Welcome to the Start a Business guide to LLC registration in Vermont. This state allows for the formation and registration of standard, professional and low-profit companies and has made it possible to file with the use of their sleek online portal. The alternative to this method is the paper filing option, made possible by downloading either the Application for Certificate of Authority (foreign) or the Articles of Organization (domestic). Regardless of the filing method or the jurisdiction of formation, each LLC will be charged a $125 filing fee upon submission of their registration forms. Click on the tutorials linked throughout this webpage to gain access to more in-depth filing instructions.

How to File

Step 1- The first step that we recommend, though it is optional, is the use of the Business Entity Search to ensure the name you plan on filing with is indeed available in Vermont. If you would like additional time with which to file, and you’d like to protect your chosen designation, you may reserve your entity name for a period of 120 days prior to registration (filing fee cost: $20).

Step 2- With your name ready, you will be able to complete the filing forms online or in PDF format. Click on the link that corresponds with your entity type below to access a more detailed tutorial.

Step 3- With your forms complete, you will be able to pay the filing fee and submit your documents to the Secretary of State for processing. You can pay by eCheck or credit card if filing online, the completion of which will mark the end of the registration process. If you’d like to file through the mail, print off the complete filing forms in duplicate and pay the filing fee by check or money order made out to the Secretary of State. Also, as previously mentioned, foreign LLCs will need to provide a certificate of good standing. Furthermore, professional entities must attach a professional license to their forms as well. Once all necessary components have been consolidated, send them to the below address for processing.

Vermont Secretary of State : Corporations Division

128 State Street

Montpellier, VT 05633

Tips

EIN– If you’re forming a new, domestic LLC, its crucial that you apply for an EIN (Employer Identification Number) after you’ve finished the filing process with the Secretary of State. This number, issued by the IRS, allows for your business to be seen as legitimate in the eyes of the federal government. With it, you will be able to open bank accounts, apply for credit cards, request financing and hire employees. For more information on the application process, click on the heading of this paragraph and review our tutorial. You may also navigate to the IRS website to apply Online or download the Form SS-4 to file through the mail.

Operating Agreement– Those entities who haven’t yet drafted an operating agreement will benefit greatly from the use of our free template (linked to the left) available in both MS Word and Adobe PDF formatting. This agreement, when drafted correctly, will establish the rights and responsibilities of the company officials as well as the rules under which they must operate. All provisions relating to the internal affairs of the entity, both logistical and financial, can be relayed in black and white to prevent confusion and improve organization. Though operating agreements are not legally required in the state of Vermont, you can began to see why they are so highly recommended.

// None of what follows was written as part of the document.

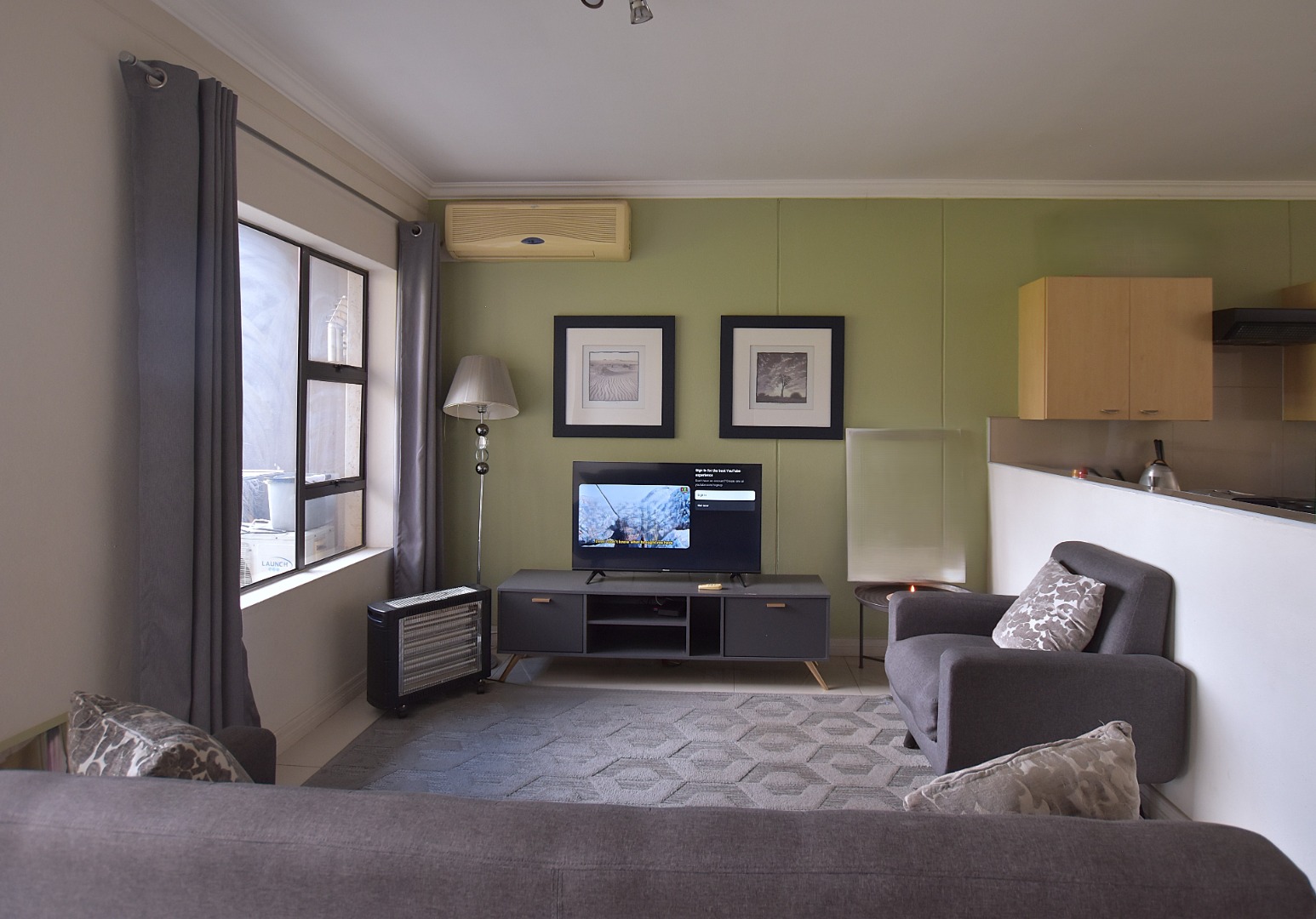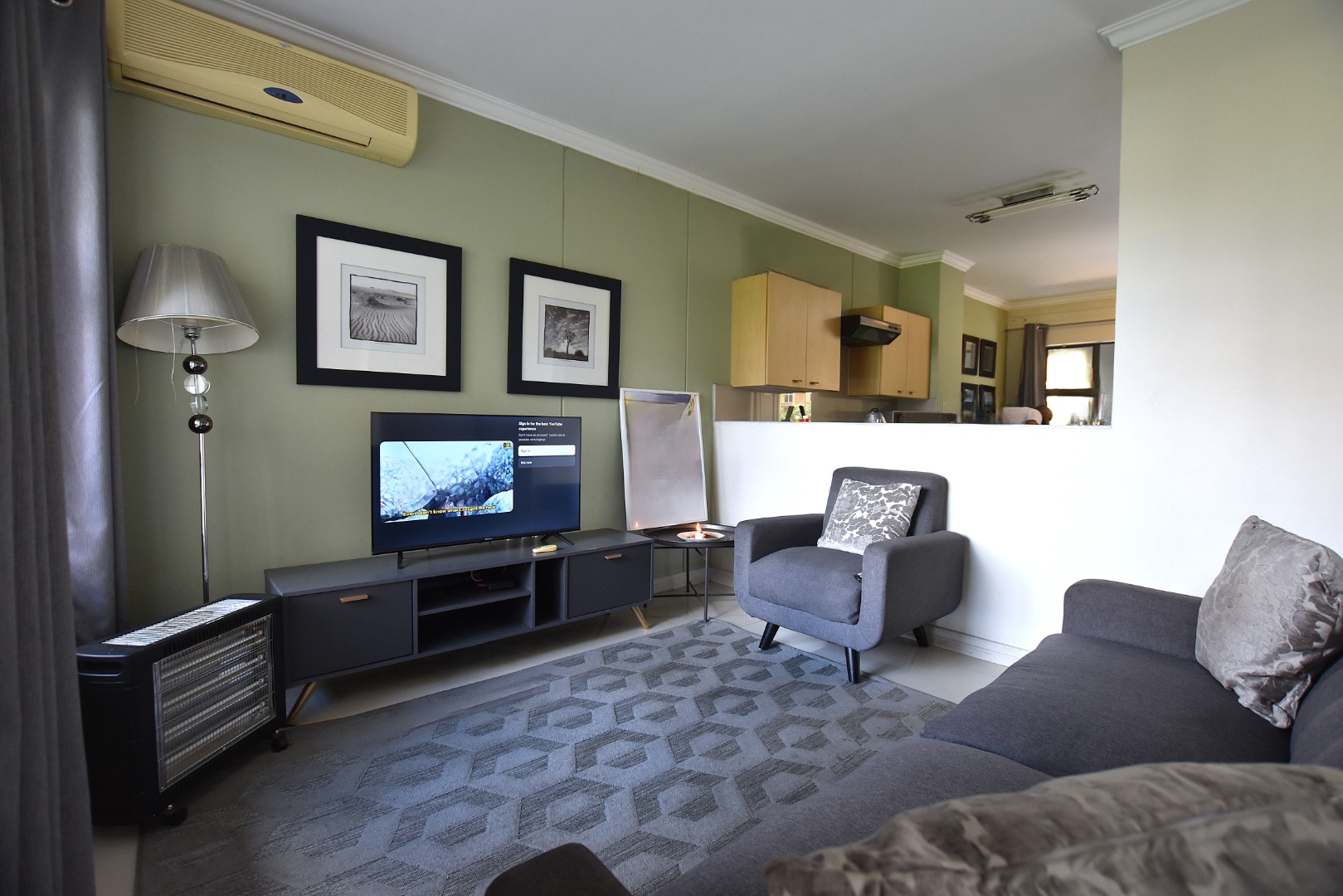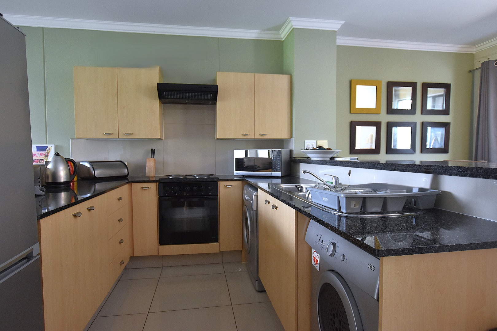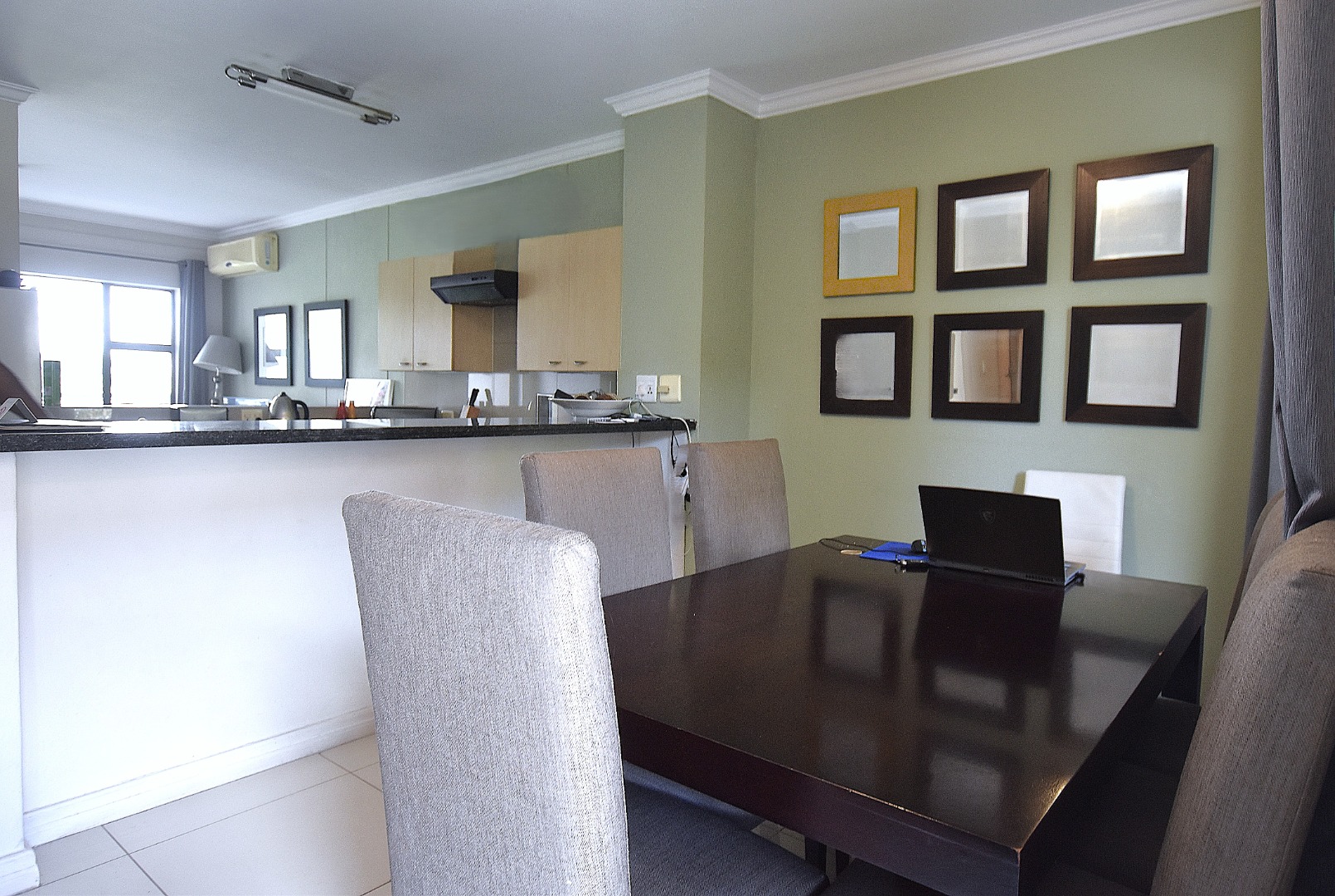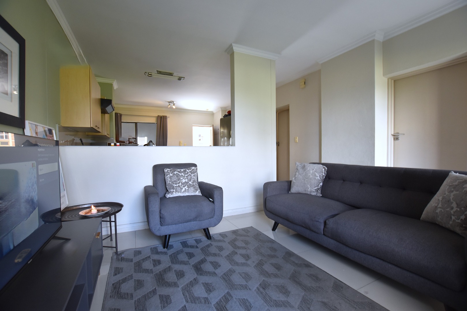 Discover modern living in this inviting 80 sqm apartment, ideally situated within a contemporary building in Morningside, Sandton. The residence boasts a sleek, open-plan design, seamlessly connecting the lounge, dining area, and kitchen. Natural light floods the living spaces, enhanced by a tasteful grey and green colour palette and modern furnishings. The functional kitchen features light wood cabinetry, dark countertops, with space for all appliances, flowing into a dining area .

Renewal– All LLCs must file an annual report with the Secretary of State and pay the accompanying $35 fee each year in order to stay in good standing. This process enables the state government to stay up to date on any significant structural changes. The Corporations Division encourages the use of their online portal as it allows for the quickest filing process, and for this reason, they have offered no PDF with which to renew. Take a look at our account registration tutorial as you will need to be signed up with the portal to be granted access to the renewal process. Filers should submit their forms within two and a half months following the fiscal year end date acknowledged in the initial registration documents.